Microplastiques et nanoplastiques dans les aliments, une question émergente

Microplastiques et nanoplastiques dans les aliments, une question émergente

On note actuellement un intérêt mondial pour la question de l’impact des déchets plastiques dans les mers et les cours d’eau sur les habitats naturels et la faune. L’EFSA a mis en place une première initiative en vue de réaliser l’évaluation des risques potentiels pour les consommateurs associés aux microplastiques et aux nanoplastiques trouvés dans les aliments, en particulier dans les fruits de mer.

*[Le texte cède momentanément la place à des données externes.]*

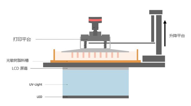 首先,3D模型會(huì)被3D打印軟件橫向地切成一層層,然后投影機(jī)會(huì)把第一層模型的形狀圖案投射到液態(tài)光敏樹脂上,然后進(jìn)行光固化及成型。第一層完成后,便會(huì)將物件稍微升高,然后投射下一層模型的形狀圖案到光敏樹脂上,層疊式地打印出模型。

Le Dr Peter Hollman est l’un des membres du groupe de travail qui a aidé le groupe scientifique de l’EFSA sur les contaminants de la chaîne alimentaire (groupe CONTAM) à rédiger cette Déclaration sur les particules microplastiques et nanoplastiques dans les aliments (anglais uniquement). Le Dr Hollman est chercheur à l’Institut de recherche de RIKILT et professeur associé pour la nutrition et la santé, à l’Université de Wageningen aux Pays-Bas. Au cours de ses recherches, il a travaillé sur la présence, l’analyse et la toxicité des microplastiques et des nanoplastiques.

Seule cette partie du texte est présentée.